## Requirement:
The task calls for the lines below from the line with "As many as thirty" to the line with "ВНИМАНИЕ ПЕРЕЕЗД!!! ТЕРМИНАЛ", both ends included, copied exactly, without any pictures.

----

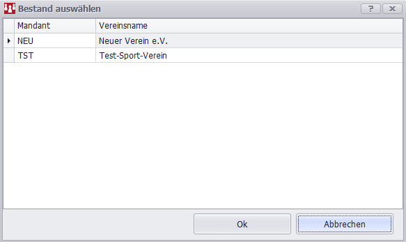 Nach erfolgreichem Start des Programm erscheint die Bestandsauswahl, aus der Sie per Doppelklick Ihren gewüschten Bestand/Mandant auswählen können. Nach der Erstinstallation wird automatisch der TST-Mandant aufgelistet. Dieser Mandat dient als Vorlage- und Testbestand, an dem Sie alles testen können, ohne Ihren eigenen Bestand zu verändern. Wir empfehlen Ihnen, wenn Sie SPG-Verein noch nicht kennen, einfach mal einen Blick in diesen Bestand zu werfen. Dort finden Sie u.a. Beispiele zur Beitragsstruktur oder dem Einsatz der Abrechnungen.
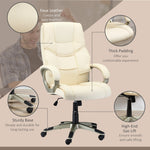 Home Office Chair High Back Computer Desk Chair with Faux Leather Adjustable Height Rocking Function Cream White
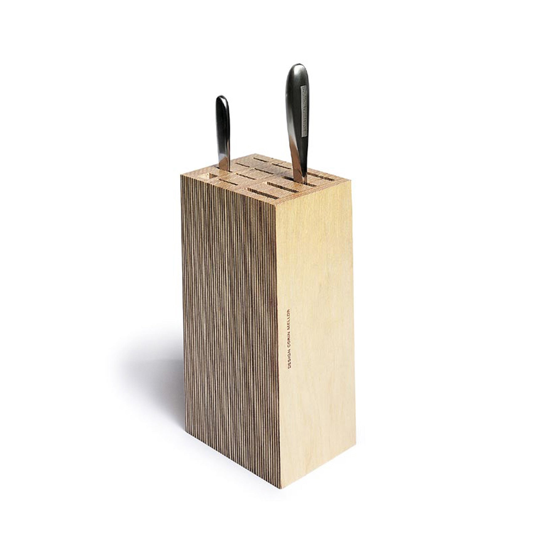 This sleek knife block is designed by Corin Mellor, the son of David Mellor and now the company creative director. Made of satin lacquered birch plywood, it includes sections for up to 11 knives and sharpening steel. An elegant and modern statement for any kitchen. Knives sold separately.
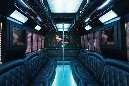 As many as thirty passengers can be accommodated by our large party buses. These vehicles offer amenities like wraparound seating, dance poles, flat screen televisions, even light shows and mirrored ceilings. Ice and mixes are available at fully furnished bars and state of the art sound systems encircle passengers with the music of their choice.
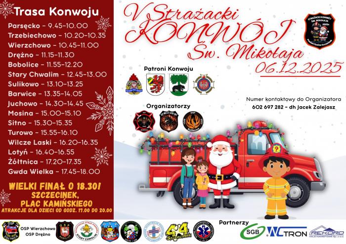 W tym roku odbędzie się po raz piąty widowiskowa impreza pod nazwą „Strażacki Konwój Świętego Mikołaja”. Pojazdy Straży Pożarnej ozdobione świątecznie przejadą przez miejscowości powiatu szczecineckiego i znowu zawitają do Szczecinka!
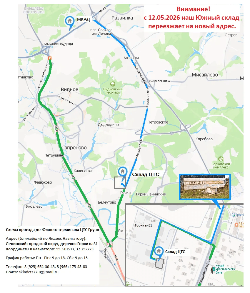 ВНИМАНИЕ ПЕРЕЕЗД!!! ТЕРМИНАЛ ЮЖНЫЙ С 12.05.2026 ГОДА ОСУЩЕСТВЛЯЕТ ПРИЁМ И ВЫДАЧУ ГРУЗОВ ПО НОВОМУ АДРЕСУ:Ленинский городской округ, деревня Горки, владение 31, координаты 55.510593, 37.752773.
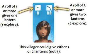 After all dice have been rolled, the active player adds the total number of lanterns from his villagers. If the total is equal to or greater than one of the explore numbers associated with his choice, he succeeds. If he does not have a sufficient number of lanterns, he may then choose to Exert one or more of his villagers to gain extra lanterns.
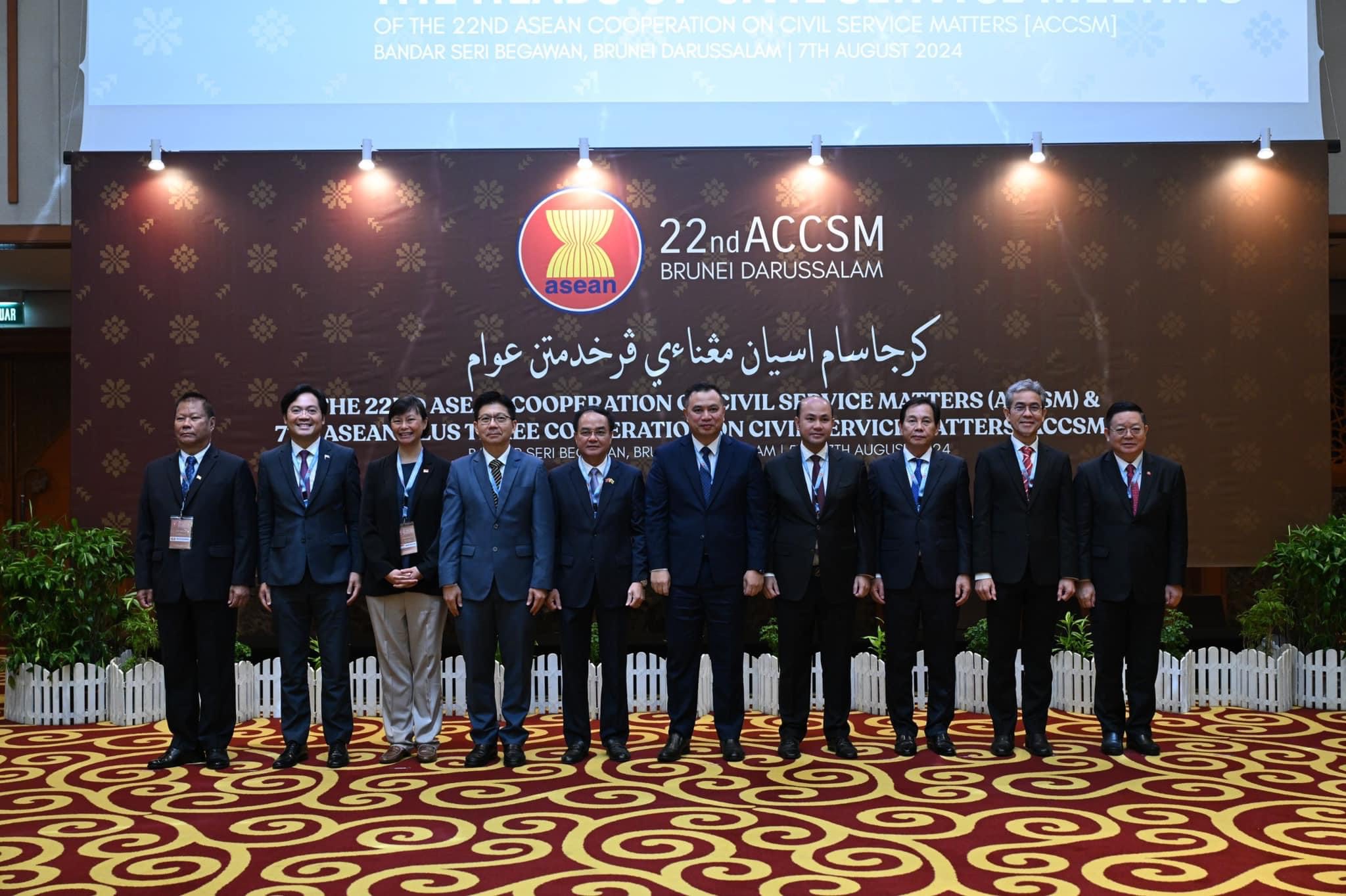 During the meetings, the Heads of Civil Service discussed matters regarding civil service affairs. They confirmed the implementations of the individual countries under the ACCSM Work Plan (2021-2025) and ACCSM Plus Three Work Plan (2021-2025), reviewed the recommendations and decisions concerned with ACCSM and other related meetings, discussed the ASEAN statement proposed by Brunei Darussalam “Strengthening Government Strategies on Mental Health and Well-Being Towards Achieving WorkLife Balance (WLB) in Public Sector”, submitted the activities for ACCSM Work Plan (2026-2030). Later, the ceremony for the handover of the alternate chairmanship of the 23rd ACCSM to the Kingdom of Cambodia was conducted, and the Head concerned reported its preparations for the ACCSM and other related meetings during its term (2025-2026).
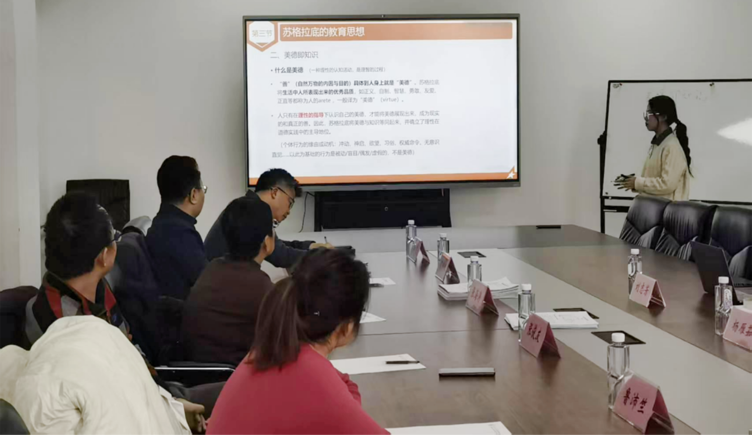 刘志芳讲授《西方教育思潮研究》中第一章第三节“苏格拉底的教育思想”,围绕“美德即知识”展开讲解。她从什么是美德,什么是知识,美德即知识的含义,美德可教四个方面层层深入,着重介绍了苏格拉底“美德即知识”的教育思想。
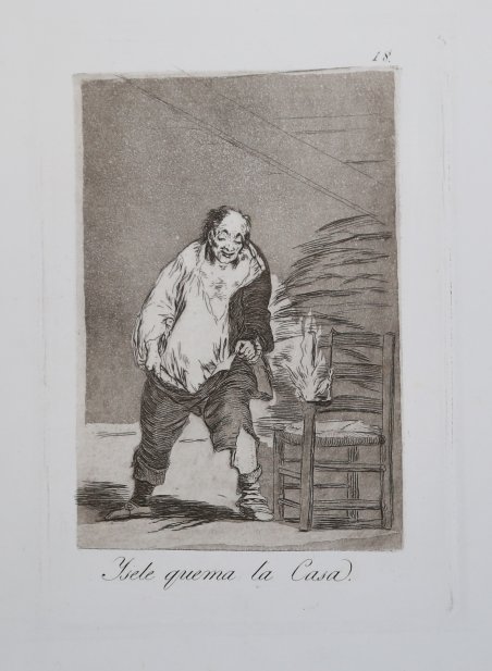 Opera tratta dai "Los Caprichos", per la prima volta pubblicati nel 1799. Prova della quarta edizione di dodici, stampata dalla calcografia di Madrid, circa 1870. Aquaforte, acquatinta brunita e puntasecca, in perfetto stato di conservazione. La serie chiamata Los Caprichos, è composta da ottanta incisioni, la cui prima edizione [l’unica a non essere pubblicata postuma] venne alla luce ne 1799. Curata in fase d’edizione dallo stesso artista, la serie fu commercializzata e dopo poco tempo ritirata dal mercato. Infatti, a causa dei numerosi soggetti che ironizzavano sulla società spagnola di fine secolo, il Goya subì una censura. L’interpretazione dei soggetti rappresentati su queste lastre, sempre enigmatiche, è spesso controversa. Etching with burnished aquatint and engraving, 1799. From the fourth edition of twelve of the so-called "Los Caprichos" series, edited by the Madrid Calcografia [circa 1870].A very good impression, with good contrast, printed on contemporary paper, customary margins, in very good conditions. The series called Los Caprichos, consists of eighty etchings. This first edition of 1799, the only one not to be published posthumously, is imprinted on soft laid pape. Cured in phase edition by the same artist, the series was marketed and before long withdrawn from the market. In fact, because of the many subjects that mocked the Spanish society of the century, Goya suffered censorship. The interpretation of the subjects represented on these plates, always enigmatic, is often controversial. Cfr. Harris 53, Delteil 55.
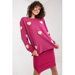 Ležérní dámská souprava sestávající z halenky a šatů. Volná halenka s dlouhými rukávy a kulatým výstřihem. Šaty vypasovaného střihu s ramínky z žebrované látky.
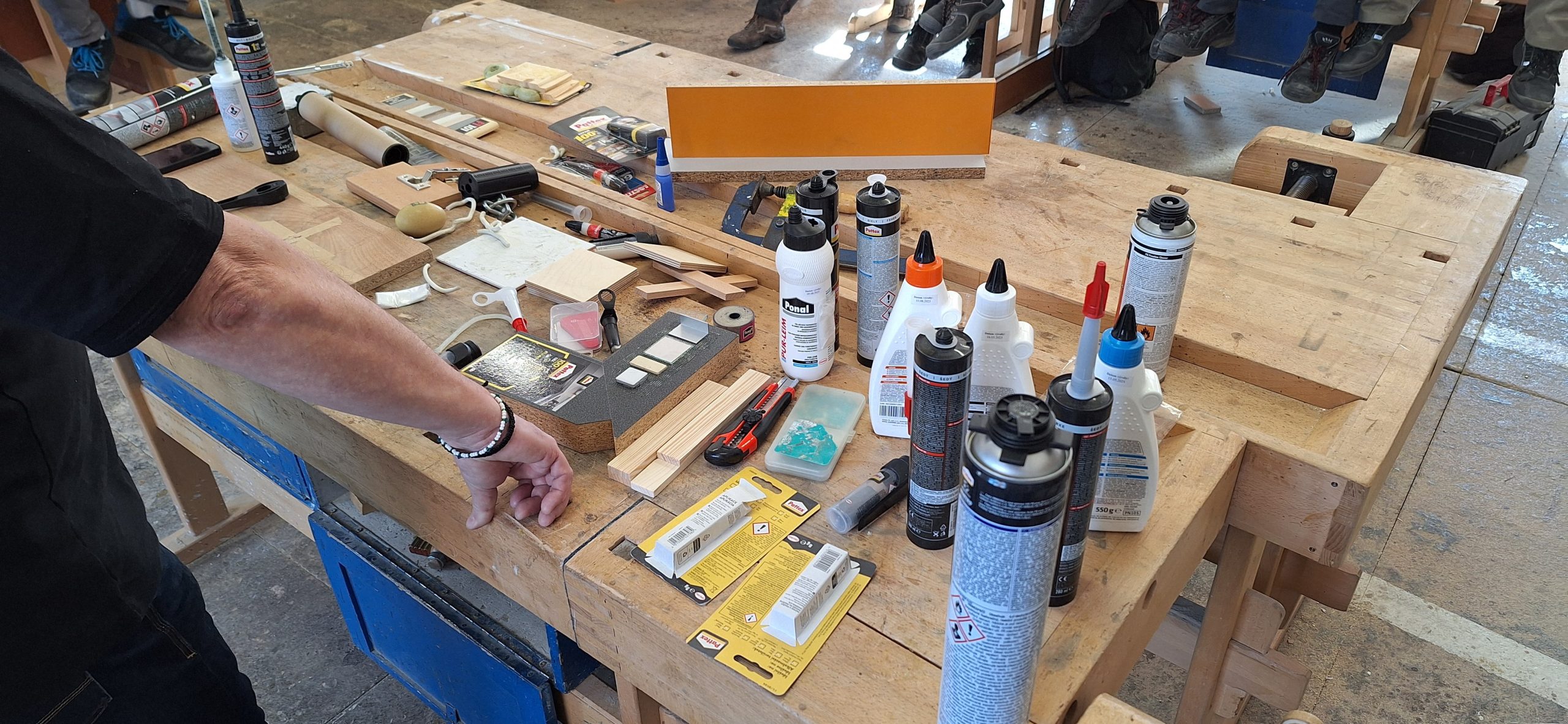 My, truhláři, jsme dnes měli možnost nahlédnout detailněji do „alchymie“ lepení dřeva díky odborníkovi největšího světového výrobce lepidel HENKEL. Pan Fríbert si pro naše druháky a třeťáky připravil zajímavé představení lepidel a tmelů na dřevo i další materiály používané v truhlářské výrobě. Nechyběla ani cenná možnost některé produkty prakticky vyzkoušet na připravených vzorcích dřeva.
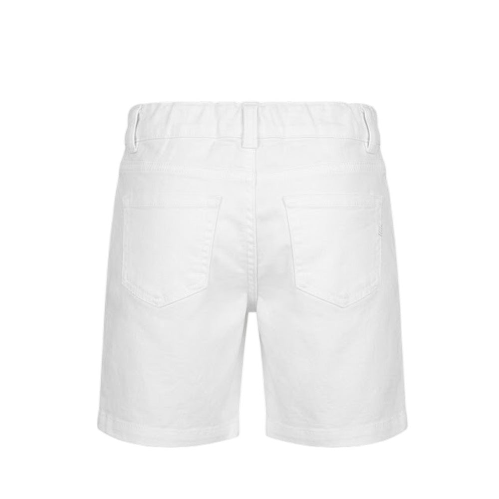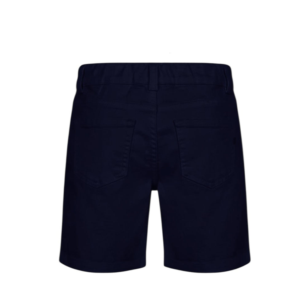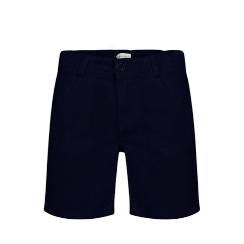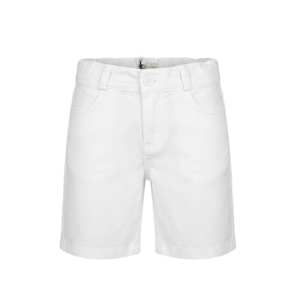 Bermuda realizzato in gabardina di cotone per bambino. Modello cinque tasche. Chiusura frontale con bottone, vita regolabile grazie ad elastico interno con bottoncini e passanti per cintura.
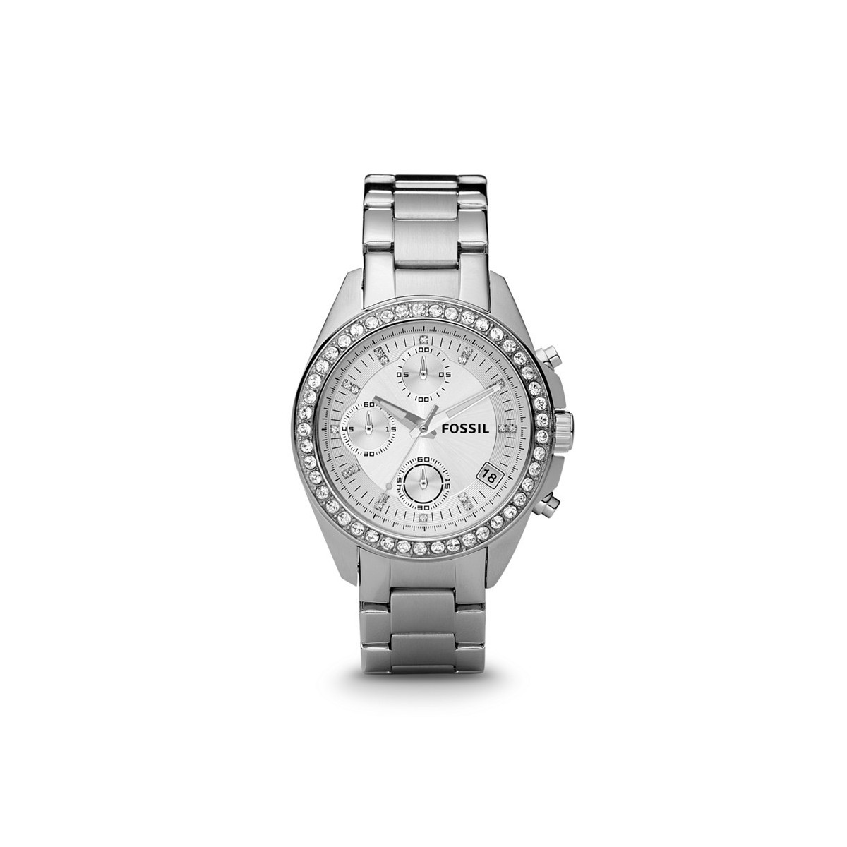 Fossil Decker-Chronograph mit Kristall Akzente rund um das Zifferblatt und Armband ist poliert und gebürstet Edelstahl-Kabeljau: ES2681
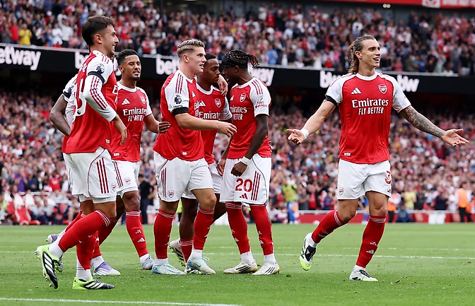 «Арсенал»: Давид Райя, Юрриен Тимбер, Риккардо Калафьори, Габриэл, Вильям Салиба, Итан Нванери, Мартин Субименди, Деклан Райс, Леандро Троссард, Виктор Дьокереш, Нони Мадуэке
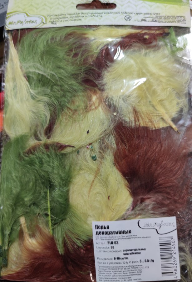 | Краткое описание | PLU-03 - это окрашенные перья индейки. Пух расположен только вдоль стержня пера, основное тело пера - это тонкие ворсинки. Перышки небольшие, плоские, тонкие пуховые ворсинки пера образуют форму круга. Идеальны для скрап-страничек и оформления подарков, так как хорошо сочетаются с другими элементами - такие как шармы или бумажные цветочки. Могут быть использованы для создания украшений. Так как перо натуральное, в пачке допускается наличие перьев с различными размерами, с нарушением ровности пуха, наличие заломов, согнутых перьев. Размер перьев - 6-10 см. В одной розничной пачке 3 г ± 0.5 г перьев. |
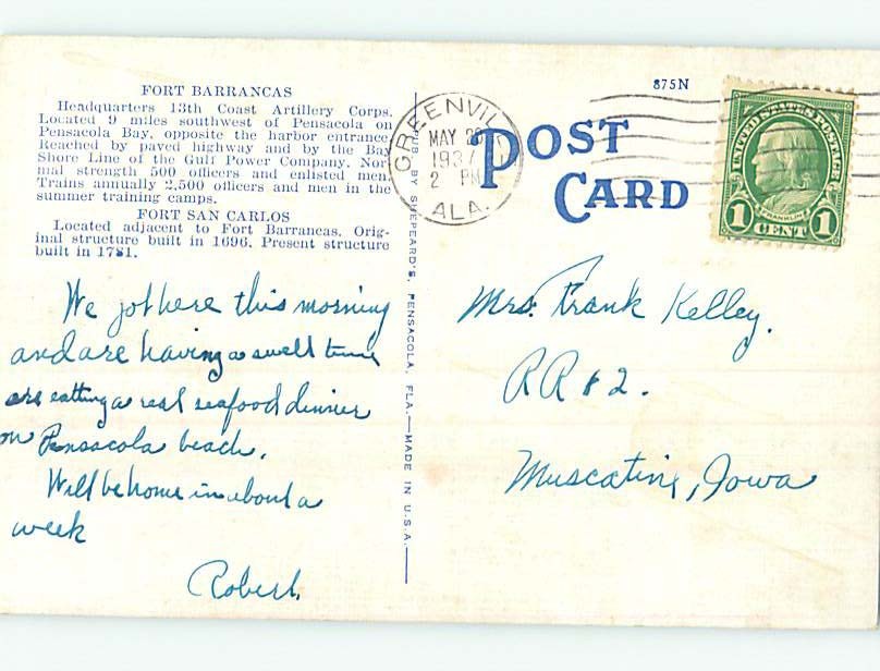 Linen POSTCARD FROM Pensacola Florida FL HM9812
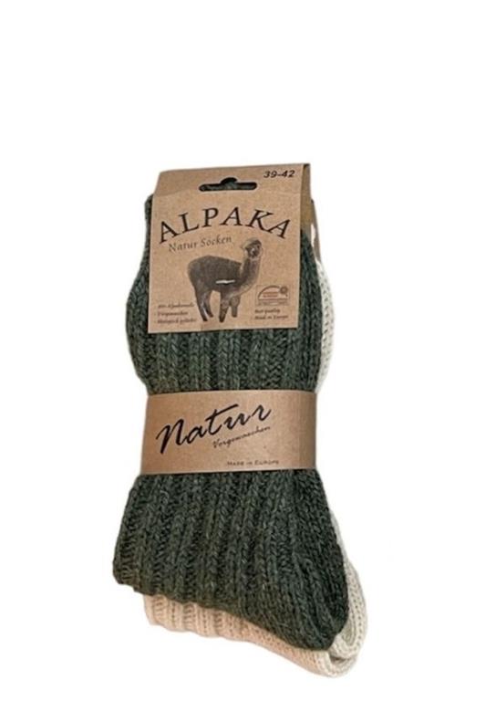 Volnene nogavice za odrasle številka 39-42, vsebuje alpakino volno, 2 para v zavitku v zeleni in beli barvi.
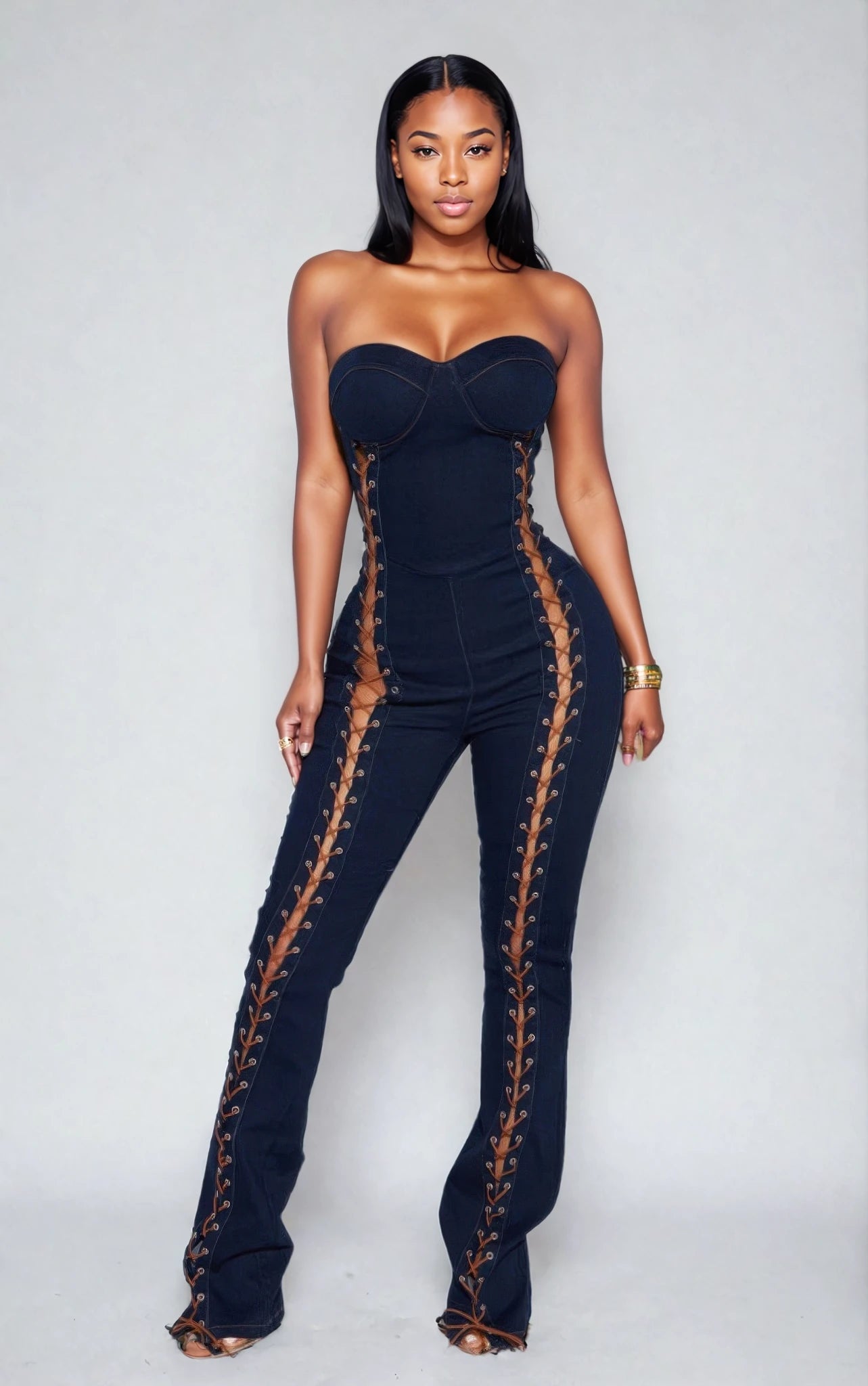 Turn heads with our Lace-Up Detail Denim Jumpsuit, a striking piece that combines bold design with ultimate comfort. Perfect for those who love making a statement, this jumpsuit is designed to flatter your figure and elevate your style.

----

## Reply to the exercise:
 As many as thirty passengers can be accommodated by our large party buses. These vehicles offer amenities like wraparound seating, dance poles, flat screen televisions, even light shows and mirrored ceilings. Ice and mixes are available at fully furnished bars and state of the art sound systems encircle passengers with the music of their choice.
 W tym roku odbędzie się po raz piąty widowiskowa impreza pod nazwą „Strażacki Konwój Świętego Mikołaja”. Pojazdy Straży Pożarnej ozdobione świątecznie przejadą przez miejscowości powiatu szczecineckiego i znowu zawitają do Szczecinka!
 ВНИМАНИЕ ПЕРЕЕЗД!!! ТЕРМИНАЛ ЮЖНЫЙ С 12.05.2026 ГОДА ОСУЩЕСТВЛЯЕТ ПРИЁМ И ВЫДАЧУ ГРУЗОВ ПО НОВОМУ АДРЕСУ:Ленинский городской округ, деревня Горки, владение 31, координаты 55.510593, 37.752773.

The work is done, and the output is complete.